Jeter also said that picking out long-term care insurance helps people bring up the conversation about what kind of care they want.
“It does answer a lot of questions ahead of time,” he said. “You have to talk about what you want, in terms of care, with your spouse or children when you are picking a policy.”
The long-term care insurance also takes some of the financial burden off of loved ones when the time comes to use it Jeter said.
“Then you have all or at least some of your care paid for,” he said. “When you can afford care that really helps, answering the emotional questions when the time comes.”
Kiehl said the best way for people to choose what type of care facility they want to be in is to go and look at them in person, while they are healthy enough to do so.
“There are so many websites out there that will rate nursing homes, but nothing beats walking in and visiting multiple facilities in your area,” he said. “Getting to talk to the residents and their families, to the administrators and staff.

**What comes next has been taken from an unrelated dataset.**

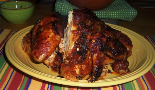 Roast the chicken, basting with adobo sauce every 15 minutes. Roast for about 50 minutes or until an instant-read thermometer inserted registers an inner temperature of 180ºF.

It helps get a real sense of where you want to go or where your family member should go.”
Jeter said he joins his clients on every step of the long-term care journey.
“I go with my clients as we meet with the resident coordinators of area nursing homes,” he said. “I go through the numbers with them. We start with questions and follow all the way through to the execution of the long-term care plan.”
Knox says that while the cost of care options, like an assisted living facility, may seem high, you need to keep one thing in mind.
“In terms of cost, yes, you may be looking at one big number,” she said. “You do need to keep mind that the cost is consolidating all of your monthly expenses into just one expense.”
As for Wimer, she wants to give her mother the best care she personally can at home for as long as possible.
“I would like to care for my mother for as long as I can before she has to necessarily go into a home,” she said. “Hopefully, that will be a little further out in the future. I’m hoping it is.”